Formal Mathematical Reasoning: A New Frontier in AI (2024-12-20). Kaiyu Yang, Gabriel Poesia, Jingxuan He, Wenda Li, Kristin Lauter, Swarat Chaudhuri, Dawn Song.
Formal Mathematical Reasoning: A New Frontier in AI
🧬 AI agents might make autonomous contributions to human projects, and vice-versa, mediated by formal tools that guarantee correctness. This vision can likely borrow from previous experiences in distributed, collaborative computing platforms from other fields, like Folding@Home, where anyone can contribute computing power to protein folding. The same is possible for proving mathematical theorems.
➗ Theorem Proving. We might one day expect to have systems that go beyond what human mathematicians have been able to accomplish, solving existing open problems, or perhaps even formulating new interesting problems on their own. Currently, formal systems are typically used to formalize results that human mathematicians have first done informally. If one day AI becomes able to autonomously make mathematical discoveries, we can expect ✅ these discoveries to be made in a formal system.
🚗 Autoformalization. AI models should be able to invent novel mathematical definitions that can potentially reduce proof complexity. At this level, an AI model is closer to ✅ a “theory builder” that can reshape the proving process through better abstraction or concept formulation. For instance, filters (i.e., a set of sets satisfying certain properties) are rarely taught in standard math curriculum. However, as a convenient abstraction in mathematical analysis, they have become a widely adopted concept for formalizing limits in various proof systems.

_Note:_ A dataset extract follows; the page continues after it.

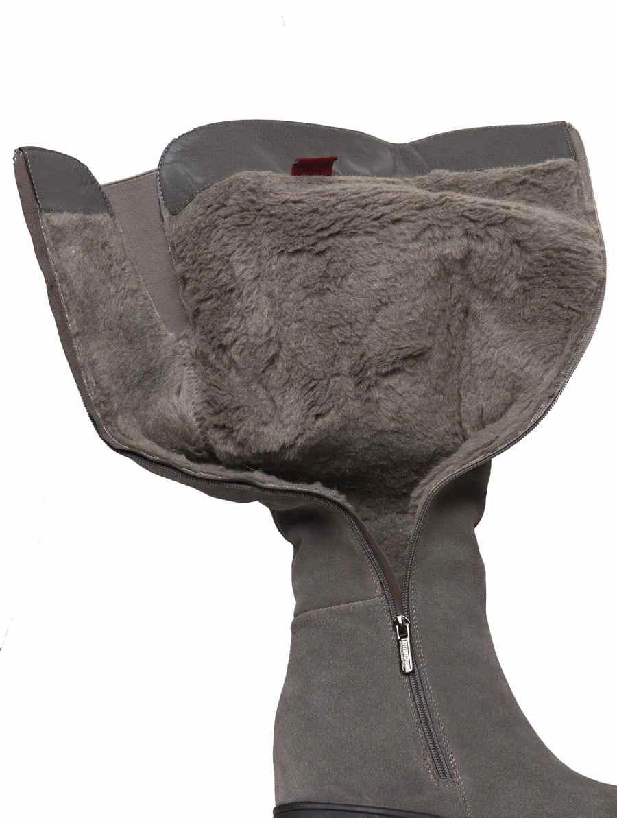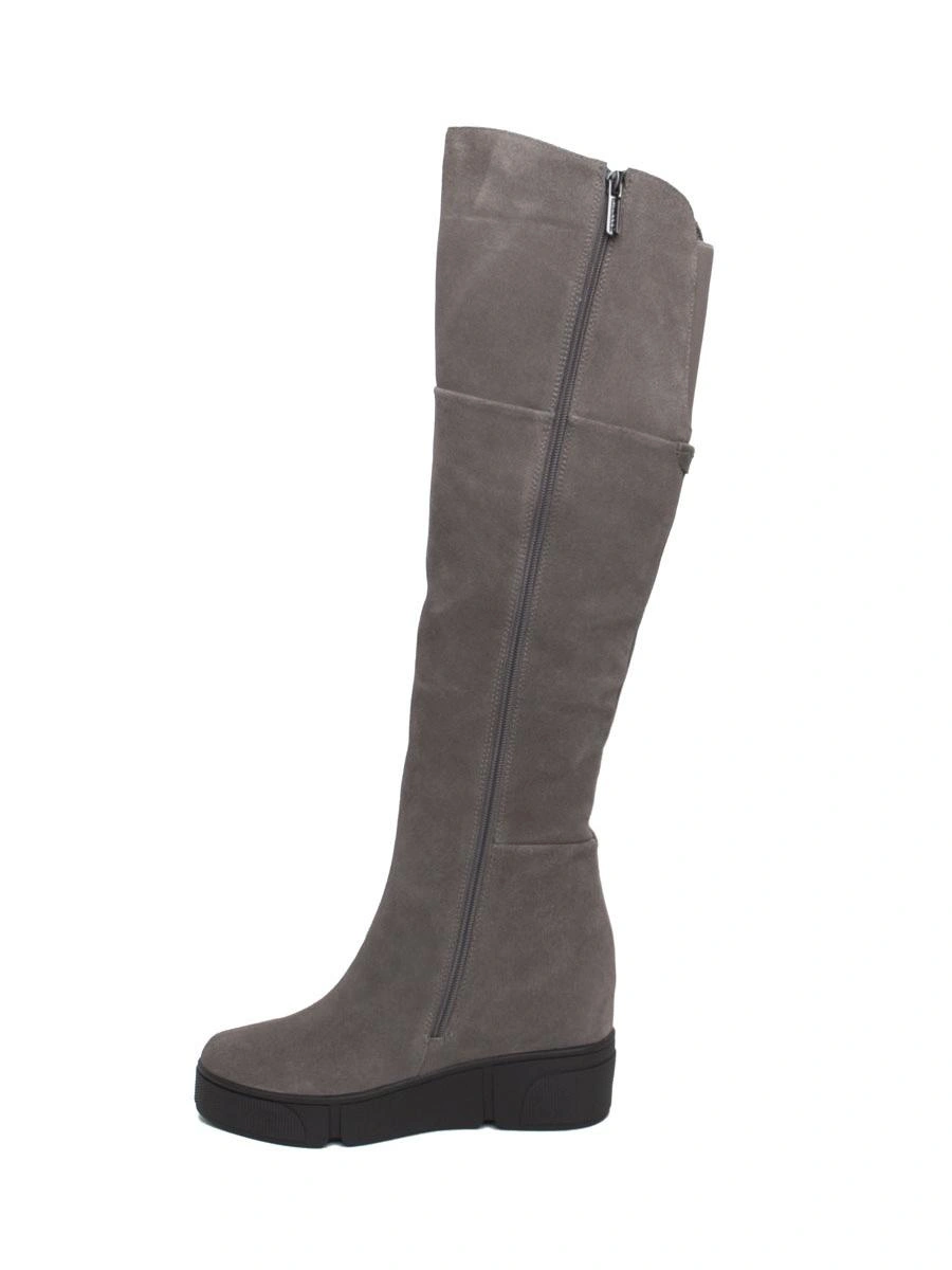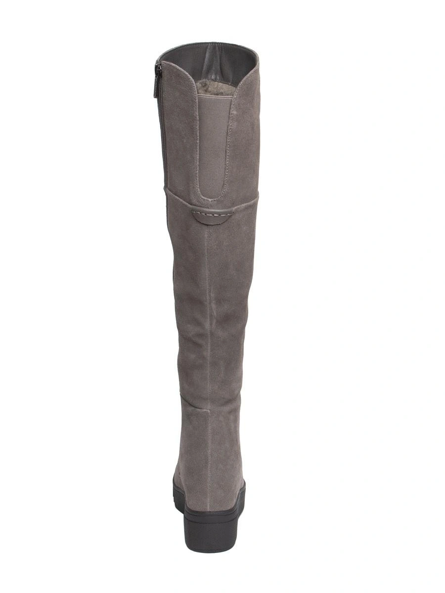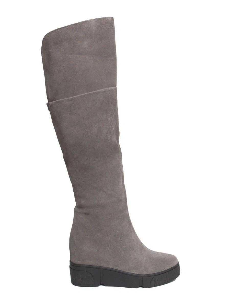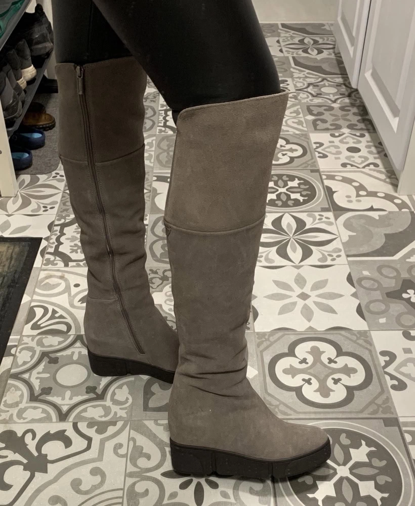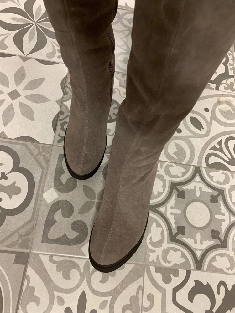 Сапоги хорошие.Размеру соответствуют! Ношу 37 размер, у этих 37го размера даже осталось немного места. На тонкой щиколотке даже в гормошку получилось, свободно. Но в верхней части один сапог шире другого минимум на 1 см, из-за чего отходит от ноги и топорщится. Поэтому и не взяла(( А так очень понравились. Платформа удобная, практически не чувствуется. Я обожаю на замше шов сверху, тк с ним замша со временем НЕ расползается и сапог держит форму, всегда выглядит аккуратно. Внутри толстый слой шерсти. Спилок практически как целиковая замша на ощупь. Цвет ближе к серому.

💭 Conjecturing. The future AI systems might be able to formulate conjectures that go beyond current domains of mathematics. Some expect that a major milestone for future AI systems will be to ✅ both conjecture and prove a high-level, interesting mathematical result. While that goes far beyond current systems, such an achievement would mark an era where AIs work side-by-side with human mathematicians in expanding our collective knowledge of mathematics.
🛡️ Formal Verification and Verified Generation. AI systems make another leap by aiding users in deriving formal specifications, including specification generation, explanation, and debugging. To benchmark specification assistance, we can again leverage verified codebases and designs, but instead of generating proofs and code given the specifications, we treat ✅ the code and proofs as ground truth and use them to evaluate specifications produced by the model.
📝 Verified Reasoning in Natural Language. Real-world applications that involve complex reasoning are often not purely mathematical problems, yet they contain significant mathematical components along with other components such as common-sense and human preferences. Level 4 requires AI to recognize the mathematics in everyday tasks and apply rigorous reasoning. For example, in scenarios like travel planning or calendar scheduling, AI can potentially formulate these tasks as constraint satisfaction problems and ✅ solve them using appropriate solvers such as mixed-integer linear programming (MILP) solvers.